Blood Rain
- First edition
- Author: Michael Dibdin
- Language: English
- Series: Aurelio Zen series, #7
- Genre: Crime, Mystery novel
- Publisher: Faber and Faber
- Publication date: 20 September 1999
- Publication place: United Kingdom
- Media type: Print (Hardback, Paperback)
- Pages: 284pp (hardback)
- ISBN: 0-571-20089-3
- OCLC: 41504750
- Preceded by: A Long Finish
- Followed by: And Then You Die

= Blood Rain (novel) =

Novel by Michael Dibdin

Blood Rain is a novel by Michael Dibdin, and is the seventh in the Aurelio Zen series. It was published in 1999 by Faber & Faber. In it Zen, an Italian police detective, is pitted against the Sicilian Mafia and at the end is the subject of a bombing attack for political reasons.

==Plot==
Aurelio Zen gets a posting to Sicily, where he is asked to report to Rome on the work of the Direzione Investagitiva AntiMafia (DIA). Carla, his adopted daughter is there too, setting up police computers, and discovers that someone has a backdoor into the data there. She is also enjoying a flirtation with Corinna Nunziatella, an elaborately guarded woman magistrate who is also investigating the Mafia. Before this can proceed far, they are ambushed on a mountain road and their car is bombed.
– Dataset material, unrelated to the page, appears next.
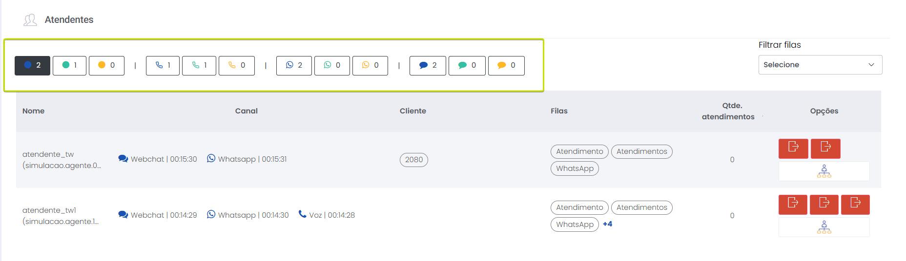 Versão 2.109.29 Estimated reading: 3 minutes 131 views 01/04/2025 NOVIDADE Monitoramento: A tela da aba Detalhes mudou para apresentar dados de forma dinâmica A tela da aba Detalhes do Monitoramento Citrus foi atualizada para que o Supervisor possa verificar informações de Atendentes e dados de atendimentos de forma mais intuitiva. O que mudou: Atendentes – Ícones de filtragem foram adicionados no topo da seção para identificar status de Atendentes logados nos canais de atendimento (Voz, WhatsApp, WebChat). É possível verificar a quantidade total de Atendentes disponíveis, em atendimento e em pausa. Além de visualizar o número de Atendentes por status em cada canal. – No topo direito da seção foi inserido um seletor para Filtrar filas. Por meio dele o Supervisor pode escolher qual fila associada ao Grupo de monitoramento deseja acompanhar. – Agora, cada linha da seção representa um Atendente. Assim, o monitoramento pode ser feito combinando os filtros do topo da seção para obter resultados correspondentes a um operador específico. Por exemplo: No topo da seção selecionar o ícone do canal de voz correspondente ao status Em atendimento, em Filtrar filas selecionar uma na qual o Atendente “A” está associado para prestar atendimento e observar a linha correspondente às informações desse Atendente.Caso ele esteja Em atendimento, o tempo em que se encontra neste status será exibido ao lado da identificação do canal. Além disso, o botão da opção Logout do agente será mostrado na linha correspondente ao Atendente para cada canal em que estiver logado no momento da supervisão. Então, se o Atendente estiver logado em todos os canais, o Supervisor poderá aplicar a ação individualmente para cada canal. Sessões O topo de Sessões também passa a apresentar ícones de filtragem que podem ser aplicados de forma individual ou combinada pelo Supervisor, para monitorar a situação de atendimentos das filas dos canais de Voz, WhatsApp e WebChat. Foram adicionados os seguintes filtros: – Total geral de sessões com status Em atendimento e Na fila (referente a todos os canais de atendimento). – Total de sessões com status Em atendimento e Na fila para cada canal de atendimento (Voz, WhatsApp, WebChat). – Total de sessões de atendimentos sendo feitos por operador humano e total de atendimentos sendo realizados por meio de bot. Consulte o Guia completo de Monitoramento Citrus × Clique nas imagens desta página para vê-las em tela cheia. Se preferir, recolha o menu da lateral esquerda da página para uma melhor visualização. Tagged:Aba DetalhesCanal de atendimentoCanal de VozCanal WebChatCanal WhatsAppFiltrar FilasGrupo de monitoramentoGuia de MonitoramentoÍcones de FiltroLogout do AtendenteMonitoramentoMonitoramento CitrusMonitoramento de SessõesMonitorar AtendentesMonitorar AtendimentosMonitorar Oferta de CardsRelease notesStatus do AtendenteSupervisorVersão 2.109.29

Zen has meanwhile been called back to Rome by the news of his mother's approaching death. This, coupled to news of Carla's death, temporarily puts him out of action, and when he returns to his headquarters in Catania he is given a clue that not everything is as it seems by a file that Corinna had sent him, supposedly as a birthday gift for Carla. This points to irregularities in the investigation of the murder of a Mafia chieftain's son and a possible Roman "third level" aiming to destabilise the powers of the old clans.
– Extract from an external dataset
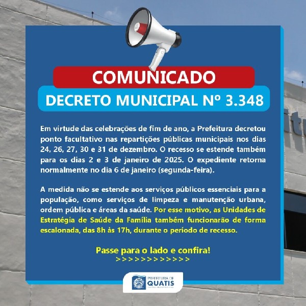 Em virtude das celebrações das festas de fim de ano, como Natal e Ano Novo, a Prefeitura de Quatis decretou ponto facultativo nas repartições públicas municipais. Dessa forma, não haverá expediente nos dias 24, 26, 27, 30 e 31 de dezembro. O recesso se estende também para os primeiros dias de janeiro de 2025, nos dias 2 e 3 do próximo mês. O expediente retorna normalmente no dia 6 de janeiro (segunda-feira).A medida não se estende aos serviços públicos considerados essenciais para a população, como serviços de limpeza e manutenção urbana, ordem pública e áreas da saúde. Por esse motivo, as Unidades de Estratégia de Saúde da Família (ESF’s) também funcionarão de forma escalonada, das 8h às 17h, durante o período de recesso. Confira:23/12 (segunda-feira) – Todas as Unidades em funcionamento;26/12 (quinta-feira) – Núcleo de Atenção Integrante à Saúde da Mulher, Criança e Adolescente – NAISMCA (antiga Casa da Criança);27/12 (sexta-feira) – ESF IV – Conselheira Neuza Pacheco (bairro Jardim Polastri) e Farmácia Municipal;30/12 (segunda-feira) – Clínica da Família (bairro Nossa Senhora do Rosário);02/01 (quinta-feira) – ESF II Maria da Glória (Mirandópolis);03/01 (sexta-feira) – ESF III Ana Greice (Jardim Independência) e Farmácia Municipal;O Decreto Municipal nº 3.348 foi publicado nesta quinta-feira (19) e já está disponível no Portal da Transparência, no site oficial da administração municipal. Para acessá-lo, basta o munícipe entrar pelo link https://quatis.aexecutivo.com.br/decretos.php?id=1590A PMQ aproveita para desejar a todos um Feliz Natal e um próspero Ano Novo! Boas Festas!
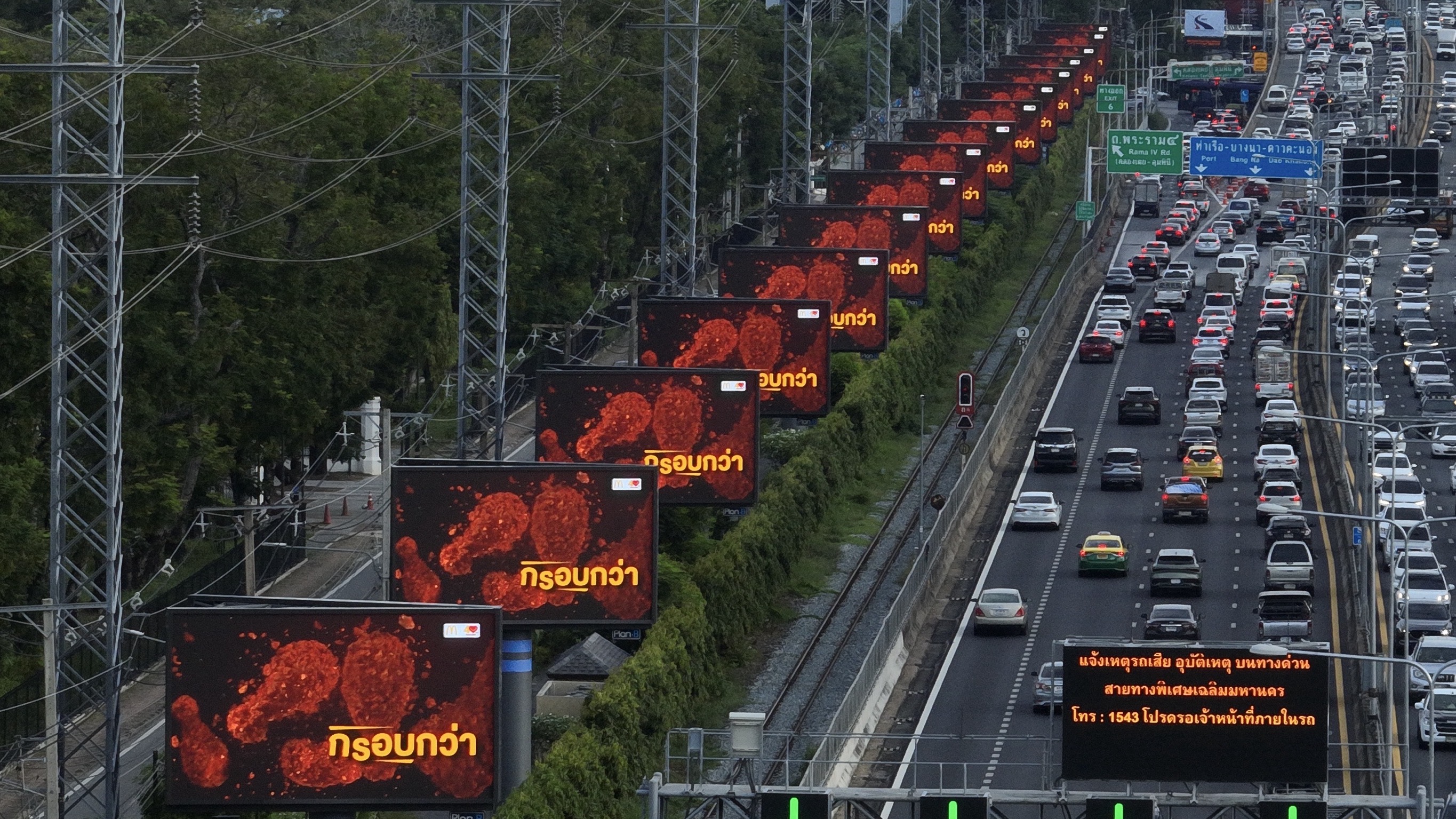จากอินไซต์คนเมืองใหญ่ที่ต้องเผชิญปัญหารถติดในชีวิตประจำวันและอยู่บนท้องถนนเฉลี่ยหลายชั่วโมงต่อวัน แมคโดนัลด์ เลือกหยิบข้อมูลนี้มาต่อยอดเดินเกมรุกทางการตลาดครั้งใหญ่ ดึงดูดผู้บริโภคในจังหวะที่ใช่ (รถติดแล้วมักรู้สึกหิว) ด้วยโฆษณาบนจอซีรีส์ยาวเรียงกันกว่า 74 จอ บริเวณทางด่วนพระราม 4 ท้าให้ลอง 2 เมนูใหม่! ‘วิงส์แมคซี้ดซ้าด’ และ ‘ไก่ทอดแมคซี้ดซ้าด’ ที่อร่อย ซี้ดซ้าด กว่าไก่ทอดที่เคยกินมา ทั้งกรอบกว่า ชุ่มฉ่ำกว่า ซี้ดกว่า เรียกว่าเห็นแล้วหิวจนต้องกดสั่งแมคโดนัลด์ หรือรีบแวะที่ร้านกันเลยทีเดียว

Zen is more than usually at sea in the Sicilian atmosphere of double-cross and ambiguous messages in which it looks as if his own side is out to kill him. Finally he risks being taken for cross-examination by the Don of a declining clan who suspects Zen of murdering one of his henchmen. He convinces Don Gaspare that the actual murderer was a police agent who Zen had later shot. On his way back to Catania the police take revenge by blowing up the car in which he is riding.

==Critical reception==
Kirkus Reviews described the book as "Cunning, bloody, and irresistible".